Several states plan to increase their minimum wage rates in 2026. As I ponder the effects of minimum wage increases and the proliferation of workplace machines and AI-enabled robots, it reminds me of what the great economist Thomas Sowell said about minimum wages: “the minimum is always zero.” Sowell’s reminder is that jobs are not always available and at all times for everyone. Considering AI-enabled machines like Robotaxi, robotic coffee baristas, automated packaging machines, and other industrial robots, Sowells’ reminder puts things in clear perspective—the fundamental economic law of supply and demand — directly influences minimum wage increases.
The same economic law applies to robotic workplace machines that are doing the work humans used to do. Let us be honest, robotic machines are in demand, and employers are integrating them at a rapid pace. Unless you have been living under a rock, employers are steadily increasing their use of robots and machines across all sectors of the economy. Given that these machines could replace human workers, it raises the question: how do human minimum wages rise? Put another way, if a robot can stock grocery shelves and use tools to make things as efficiently as a human, how can human wages increase? Based on economic law, they should not move at all. Employers know they cannot have their cake and eat it too, given that both increases would require their company to absorb increased wage rates and the expenses of robotic workplace machines.
We already know that for every increase in minimum wages, notwithstanding the use of robotic machines, it negatively impacts the employment of unskilled, uneducated, and inexperienced workers. Right? Yes. Since that premise is correct, why are states raising their minimum wages?
Let us start with why minimum wages rise, anyway. The idea that wages rise based on productivity is a fundamental economic principle. Productivity is the efficient use of beneficient human action and energy in the creation of products or services that are of value to the consumer. The more productive the producer is, the more value is created, and therefore, the higher the wages rise. But what about inflation? The cause of inflation does not justify the need to raise the minimum wage. Wages, like everything else during inflationary times or otherwise, rise, but the rise in minimum wages is the result and not the consequence of inflation. When minimum wages rise, what happens to machines and robotic investment? Do machines get paid wages?
Can employers pay robots wages? Robots are productive tools in all industries, making products and offering services for many companies; they are earning wages, but not in the same way as humans would. Just as humans learn through skills-based training, machines and robots also acquire relevant skills via machine learning—deep learning—and other supervised learning. Human knowledge increases and adapts as we learn, unlearn, and relearn, but does this unique human ability cost the employer more than robotic upgrades and information uploads? Granted, there are skills that robotic machines cannot replicate, but if we are fair, humans en masse no longer find it fashionable to pursue certain jobs.
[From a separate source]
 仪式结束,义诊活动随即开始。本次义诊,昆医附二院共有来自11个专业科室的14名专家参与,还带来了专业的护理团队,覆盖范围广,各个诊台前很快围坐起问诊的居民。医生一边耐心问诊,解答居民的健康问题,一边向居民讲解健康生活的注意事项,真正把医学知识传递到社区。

A Forbes article recently projected that AI-enabled robots will eliminate human jobs soon. This article presents a misguided claim that robotics and AI are taking jobs from newly minted college graduates. I have a sneaking suspicion the culprit is the minimum wage increases. On net balance, if we continue to assert that humans are preferred over robotic machines, but robots are doing human jobs, then how can the minimum wage rates increase? If humans are indeed more productive than the average robot, then wages would automatically rise without a state decree; minimums would rise via the ‘productive principle’, which states that wages increase in proportion to the value created by the worker.
However, when minimum wages increase, it undoubtedly disemploys the younger generation who are new to the workforce, as well as those with less experience, limited education, and fewer skills. To put it bluntly, young applicants seeking their first job will face employers who, because of the minimum wage increase, can afford to pay higher rates for their preferred candidates. As a result, employers will choose someone who is not only highly experienced but also, in many cases, overqualified. Why? Employers, left to their own incentives, will choose not only who they favor personally, but in future cases, a machine, if its wages are lower and the employer’s preferences are subsidized. In other words, when states increase minimum wages, it is a tax on what they do not like and a subsidy for their preferences.
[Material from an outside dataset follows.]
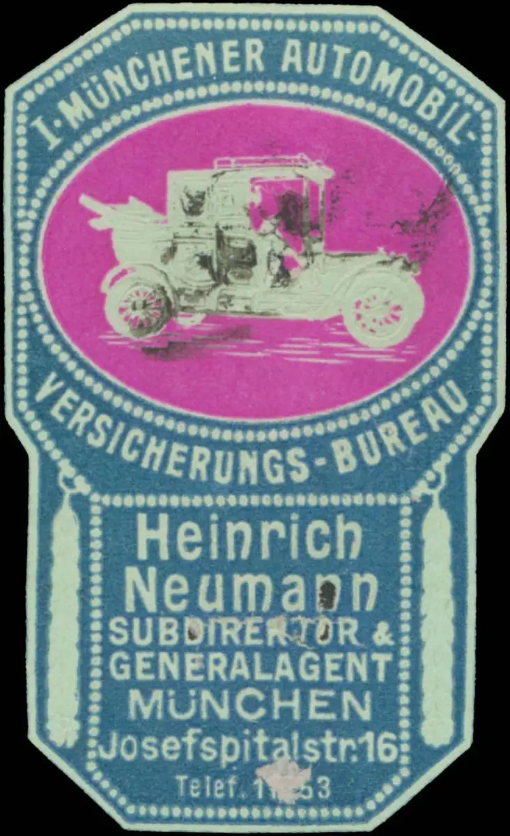 Auto, Versicherung, Subdirektor & Generalagent, Josefspitalstraße 16, Größe/Zustand: 6x4 , beschädigt, Original alte Reklamemarke die seinerzeit für die Werbung benutzt wurde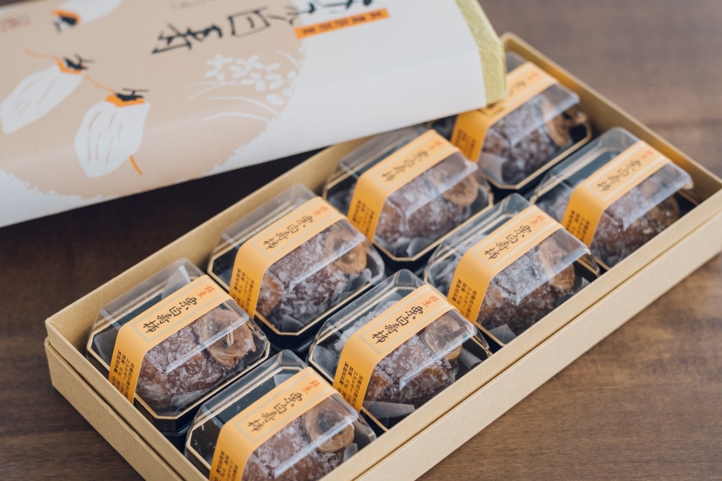 岐阜県八百津(やおつ)の特産品の栗と長野県の市田柿の美味しさを一度に楽しめるお菓子。もっちりとした市田柿と栗の粒が残るホクホクとした食感で、控えめな甘みと雑味のない上品な口当たりの栗金飩がコラボ。

Still, they raise the minimum wages, following the increase in workplace machines and robotics, which poses a significant question about how minimum wages can increase despite the widespread adoption of machine learning. We have been misled into assuming that AI-enabled machines and robots are taking jobs, as some suggest. Again, my sneaking suspicion tells me that it is the rise in minimum wages that is the main causes of human unemployment.